Но, блин, если оформить отцовство и забрать Снежану к себе, вся моя жизнь рухнет к чертям собачьим! Я к этому не готов, мать твою!

Я схватился за голову. Мой поезд с оглушительной скоростью несся к обрыву, и крушения, теперь я знал это наверняка, не миновать.

– Завтра пойду знакомиться с дочкой! – огласил я свое решение. – Наверное, придется доказывать отцовство и забирать ее себе. Морозовы ее испортят – в этом ты, мам, права.

Глава 5. Ты не отец!

Декабрь 2012 года

К утру решительности у меня поубавилось. Сказалось и то, что мать предприняла попытки умерить мой пыл. Противореча самой себе, начала утверждать, что я для отцовства еще не созрел, и ребенок будет мне в тягость. Да и вообще, где это видано, чтоб мужчина в одиночку воспитывал дочь?! И ладно бы, если с рождения ее растил, знал хоть какое-то нюансы ухода за малышкой. Ее ж и купать нужно, и одевать, и причесывать. Как я все это собираюсь делать? Может, я хочу на нее, пожилую женщину, этот груз повесить? Так она против! В одиночку ей с воспитанием внучки не справиться – возраст не тот.

– Короче, материально помогай, участие в воспитании принимай, если Морозовы позволят, но удочерять – даже не думай! – подытожила свою пламенную речь мама.

– В любом случае с Морозовыми это обсудить придется, так что визита к ним не избежать, – вздохнул я. – Как ты могла советовать мне держаться от них подальше, зная, что Снежана – моя дочь, не понимаю! – упрекнул маму.

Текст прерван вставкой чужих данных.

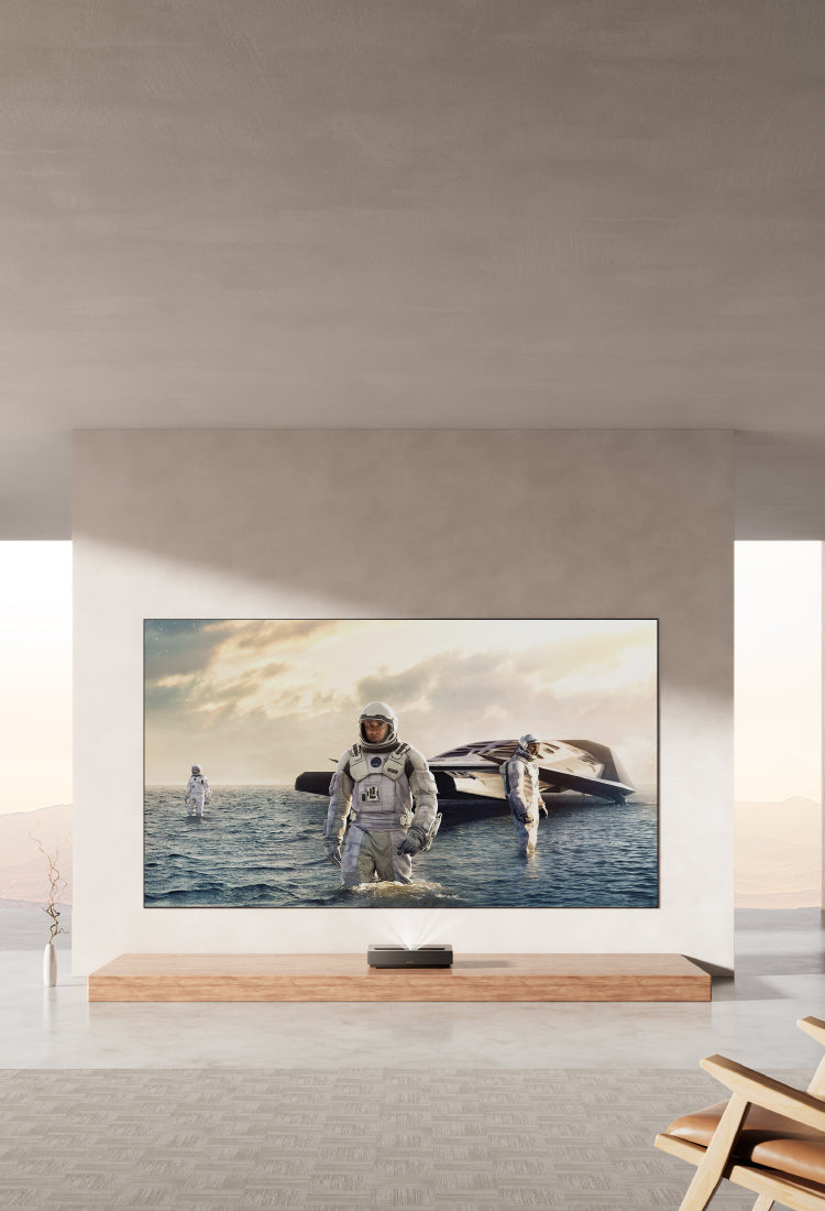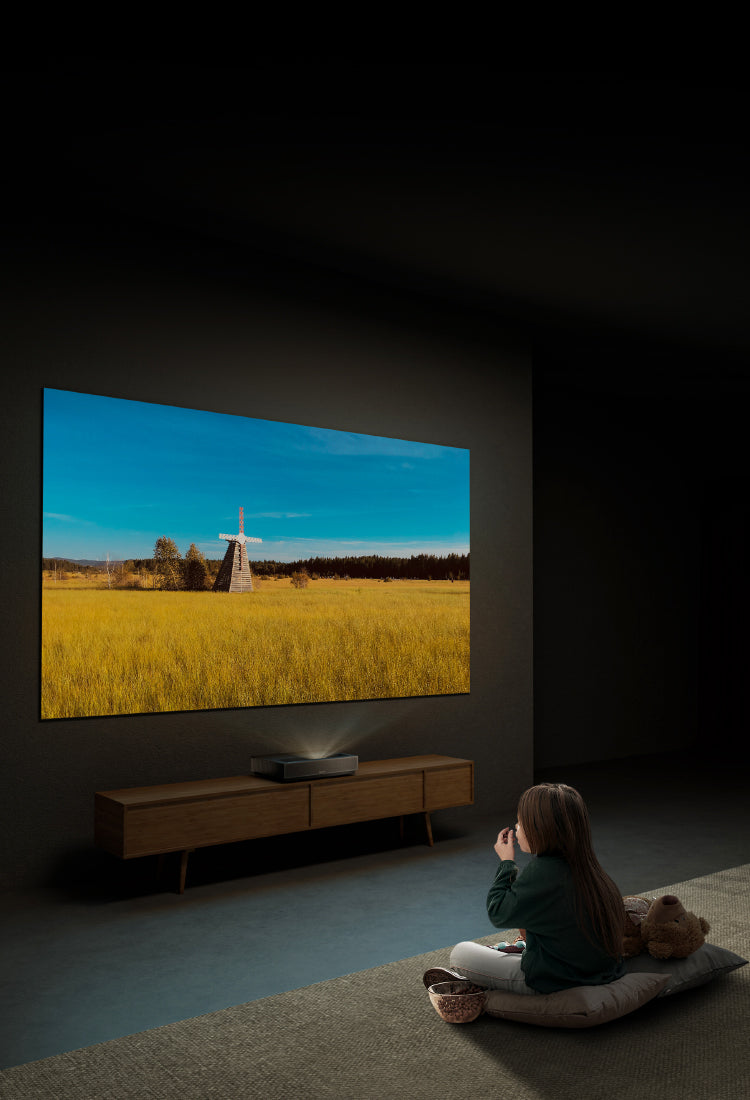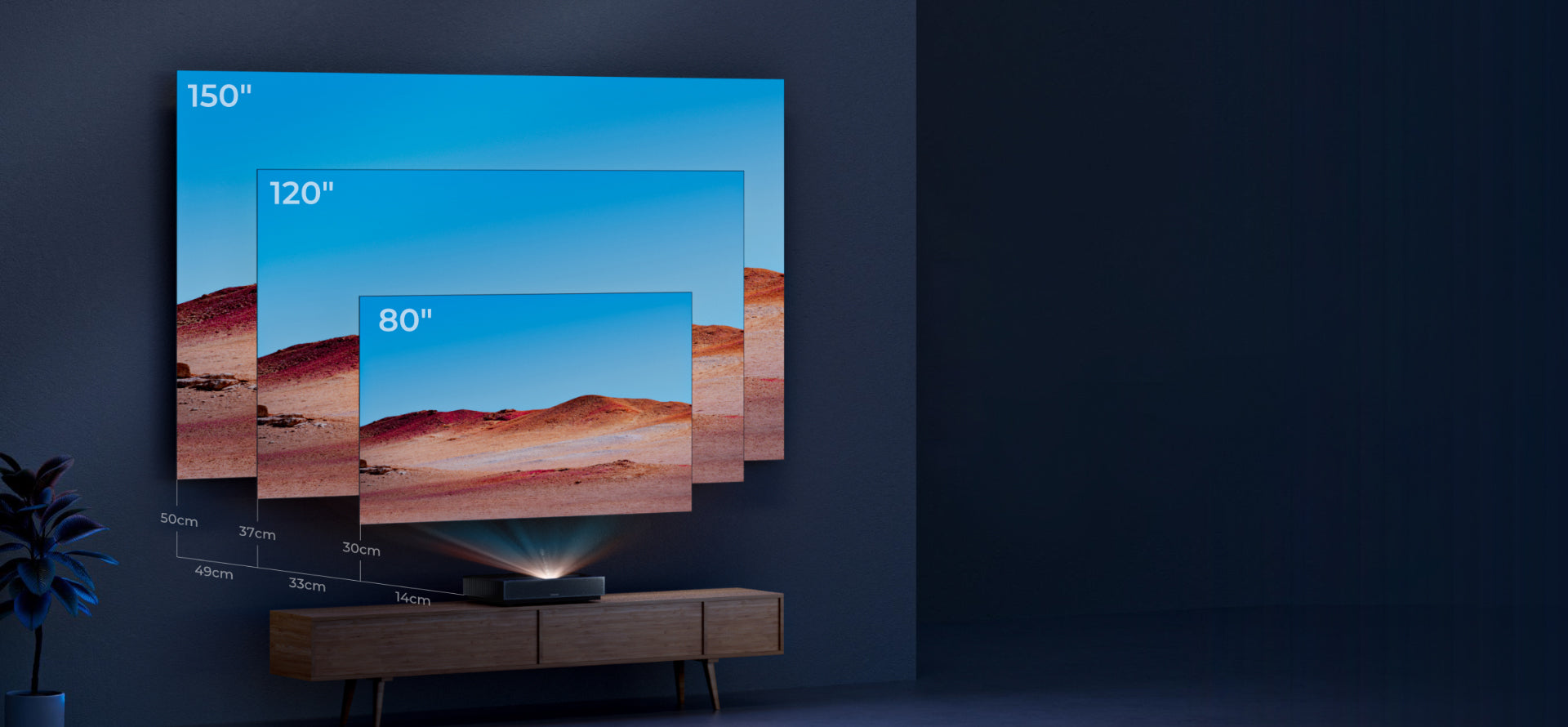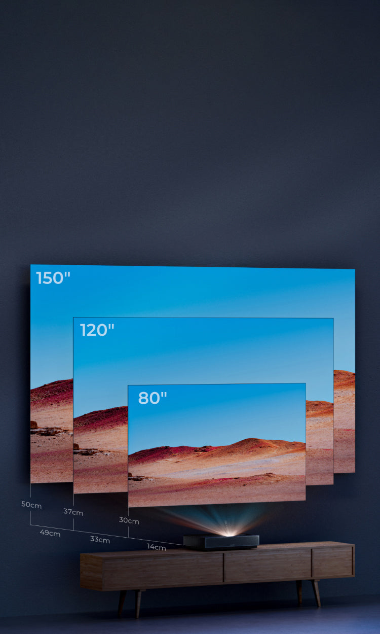 As a laser TV, Cinema Edge requires minimal space, sitting close to the wall. With a 0.23:1 throw ratio, it projects a 150' screen from just 49cm away,liberating your huge-screen viewing experience from space constraints.

– Хорошо, иди, – смирилась мама с неизбежным. – Только повежливей будь, поосторожней. В дом сразу не заходи. С порога сперва поговори, разведай, какое у Дениса Степановича настроение.

– У тебя паранойя, мам, – поморщился я. – Какое может быть настроение у отца, только-только схоронившего дочь?! А я еще, послушав тебя, даже попрощаться с Анжелой не пришел. Очков мне это в его глазах наверняка не прибавило. Теперь только окреп во мнении, что у меня рыльце в пушку. Ну, еще и в моей трусости удостоверился.

– Ну, да, во всем мать всегда виновата! – прошипела мама. – Нечего на зеркало пенять, коли рожа крива! Сам кашу заварил – сам и расхлебывай, а на меня нечего всех собак вешать!

– Не пеняю я ни на кого! – огрызнулся я и, накинув вечно висящую при входе фуфайку, пошел выяснять отношения с новоявленными родственничками.


Дверь открыл Денис Степанович. Хмуро взглянув на меня, спросил, не поздоровавшись:

– Чего приперся, гаденыш? Нет больше у нас Анжелы, не ждет тебя никто! Доволен, говнюк?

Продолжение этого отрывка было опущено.